A. Łukasiewicz: Śląsk to marka, która zasługuje na ekstraklasę
Czy Śląsk pozostaje w sercu, mimo że już grasz dla Arki? Dzisiaj bardzo dobry mecz w Twoim i kolegów wykonaniu. Nie da się tego powiedzieć o wrocławskiej drużynie.
Antoni Łukasiewicz: Jak najbardziej łączą mnie z Wrocławiem piękne chwile. Tutaj urodził się mój młodszy syn, a starszy stawiał pierwsze kroki. Zawsze mam ogromny szacunek do Wrocławia i Śląska. Natomiast wiadomo jakie jest życie zawodowych piłkarzy. Gramy tam gdzie nas chcą.
Dzisiaj na boisku było pełne zaangażowanie i serce. Cieszymy się, że stworzyliśmy dzisiaj zespół. Przede wszystkim wróciła ta "chcica" z początku sezonu. Złapaliśmy drugi oddech i przeniosło się to wszystko na rezultaty.
Życzę Śląskowi jak najlepiej. Mają w tej trochę trudniejszą sytuacją w tabeli niż my. Muszą sobie z tym poradzić. My mamy nieco lepiej, ale wszyscy w Gdyni zdają sobie sprawę jak trudno będzie wiosną w tych ostatnich dziesięciu meczach sezonu zasadniczego.
Śląsk się mocno zmienił, ale gra tu kilka piłkarzy, których znasz z boiska.
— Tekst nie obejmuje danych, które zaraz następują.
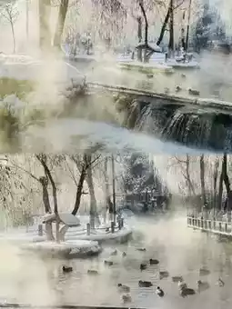 ❣️Shuimogou Park after snow is like a fairyland. If you want to take photos in Urumqi, this is the place to go.🦆The ducks and swans are so cute. The water here is hot spring water, creating a fairyland atmosphere. It's a great place to take photos.🥹

Oni nie raz grali lepiej niż dzisiaj. Wrocławianie grają słabo. Wygrali tutaj tylko jeden mecz.
Nie chciałbym być teraz w skórze swoich kolegów, jak choćby Piotra Celebana czy Mariusza Pawelca. Śląsk stoi przed bardzo trudnym zadanie, żeby sobie tę szatnię przebudować. Jest to na pewno marka, która zasługuje, żeby być i grać w ekstraklasie.
Trzeba konsekwentnie pracować nad sobą i ta ciężka praca prędzej czy później zaprosi na odpowiednie miejsce. Najlepszym przykładem jesteśmy my jako Arka Gdynia. Mieliśmy bardzo trudne chwile w tym sezonie: 8 meczów bez wygranej. Udało się odwrócić tę sytuację i wrócić do zwycięstw. Morale troszeczkę wzrosły.
Gdyby ktoś Wam powiedział, że będziecie zimować w górnej ósemce to chyba byś to wziął w ciemno?
W tej chwili chyba jesteśmy na ósmym miejscu. Zobaczymy jak inne mecze się ułożą. Zawsze staramy się koncentrować tylko na sobie. Patrzenie w tabelę nic dobrego nam nie przyniesie. Człowiek za bardzo zaczyna się skupiać na tym co zrobił przeciwnik. Najważniejszy jest nas zespół i to jak my reagujemy. Bycie w pierwszej ósemce jednak na pewno daje większy komfort. Zostało jednak jeszcze 10 meczów sezonu zasadniczego. Nasza liga jest tak przewrotna i nieobliczalna, że każdy może wygrać z każdym. Trzeba ciągle stać na baczności.